Proper footwear selection also plays a supportive role in managing symptomatic flat feet. Shoes should have a firm heel counter, which stabilizes the heel, and adequate width to allow the toes to spread naturally. Choosing supportive shoes works in conjunction with orthotics to manage symptoms and improve comfort during physical activity. For the majority of children with flexible, non-painful flat feet, the recommended approach is observation and monitoring, with intervention only necessary if symptoms develop.

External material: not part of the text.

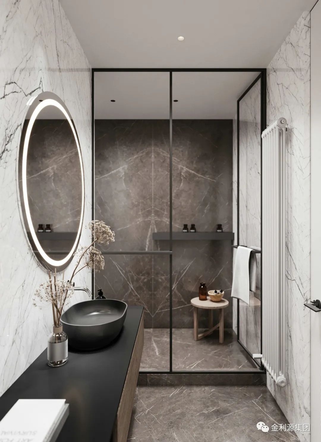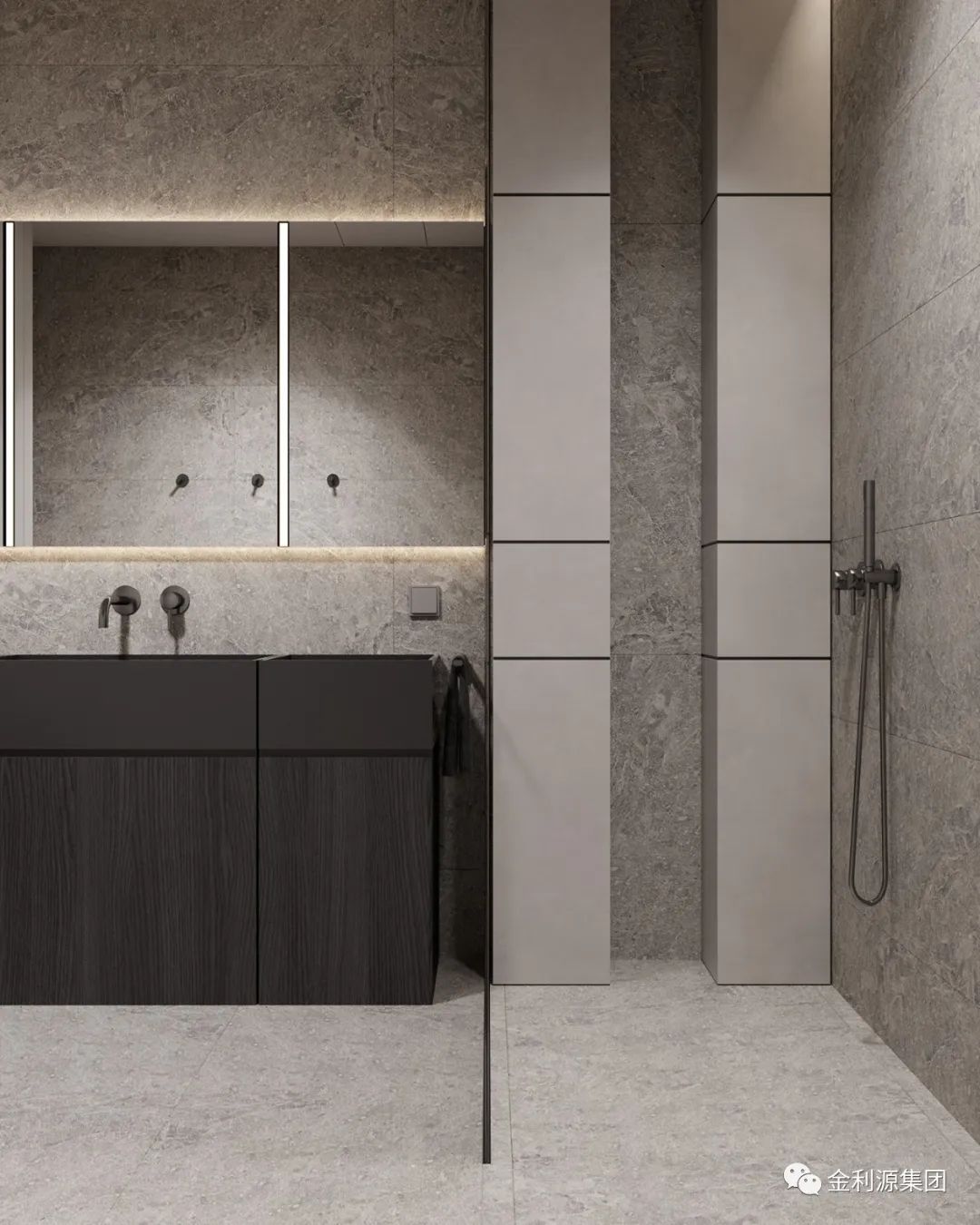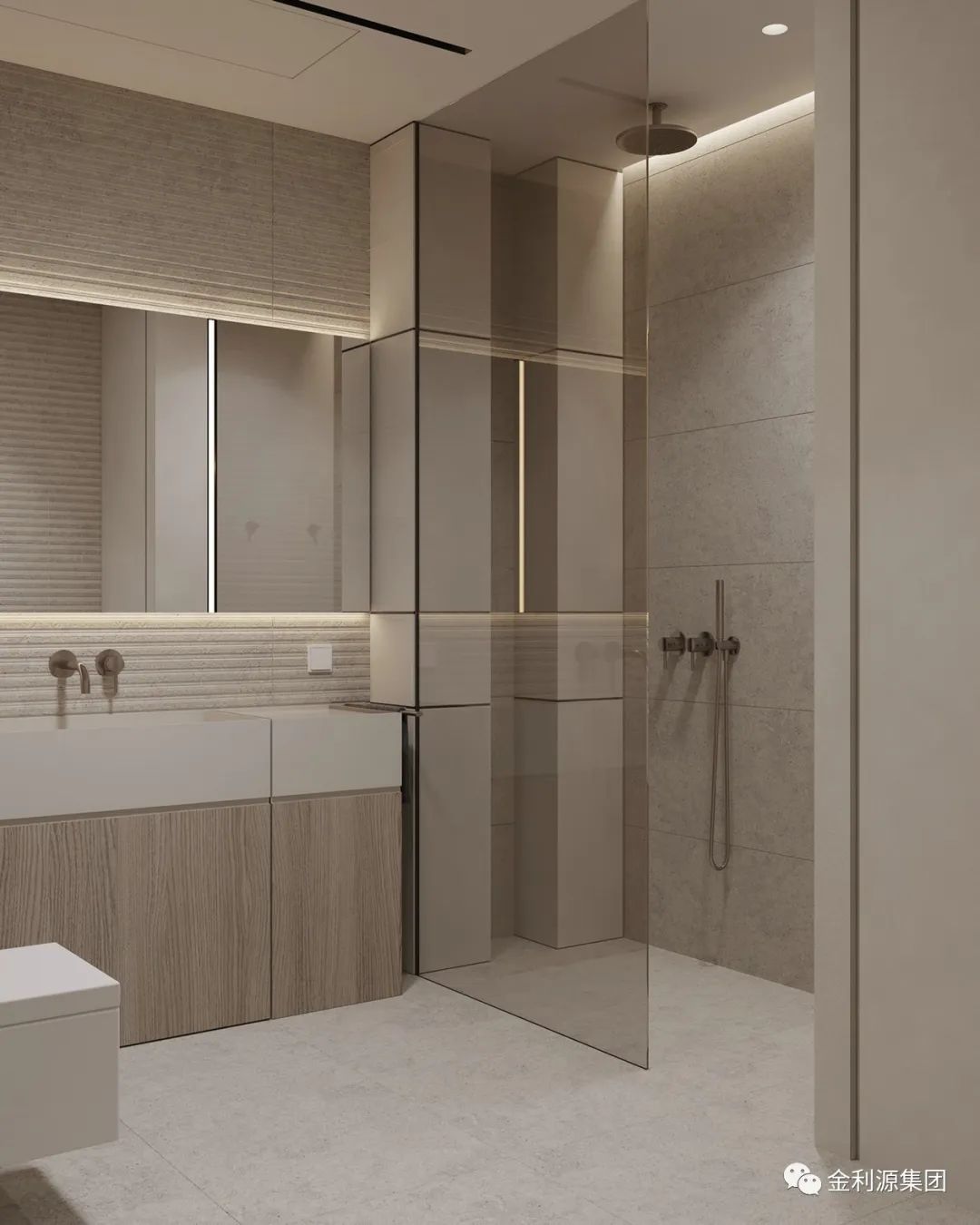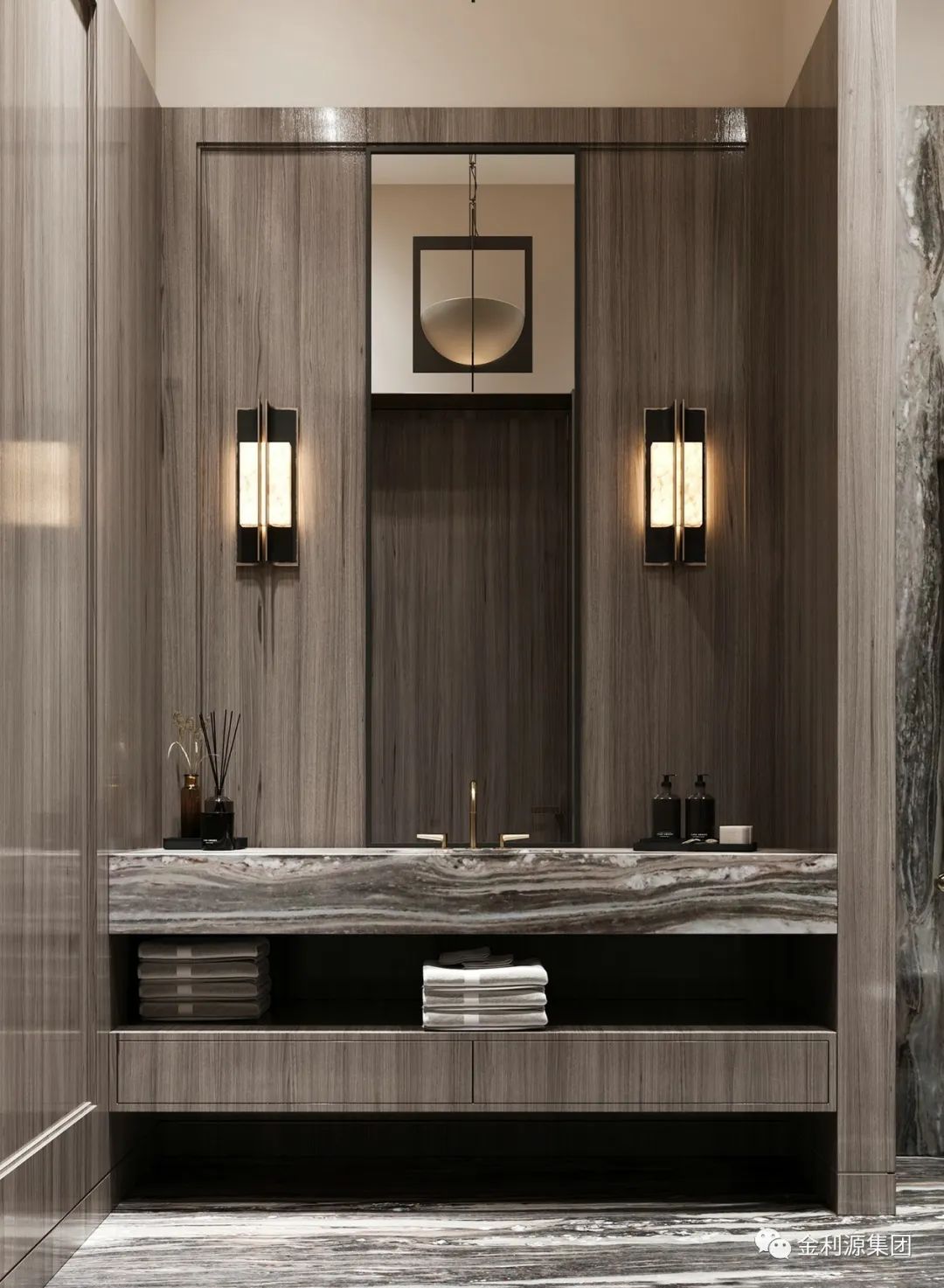 相較于浮式洗漱臺,壁掛式洗漱臺多了一層平面以及壁掛柜臺,不僅有浮式的設(shè)計美感,又有強大的收納性。是一個選擇性極高設(shè)計。

Surgical Intervention Considerations

Surgical correction for pediatric flat feet is considered a last resort, reserved for a small number of severe cases. This option is indicated only when a child experiences debilitating pain that interferes with daily life, despite comprehensive and prolonged non-surgical treatment. Surgery is more frequently necessary for children with rigid flat feet, often caused by structural anomalies like tarsal coalition, or when a painful flexible flat foot fails to respond to conservative care.

The goal of surgery is to reduce pain, correct foot alignment, and restore a more functional shape. Procedures vary depending on the underlying cause and deformity. Options include soft-tissue procedures, such as Achilles tendon lengthening, or bony procedures like osteotomies, which involve repositioning the heel bone to realign the foot. In rare, severe cases, joint fusion procedures (arthrodesis) may be performed to stabilize the foot. These complex surgeries are performed by a pediatric orthopedic specialist who weighs the risks against the potential for functional improvement.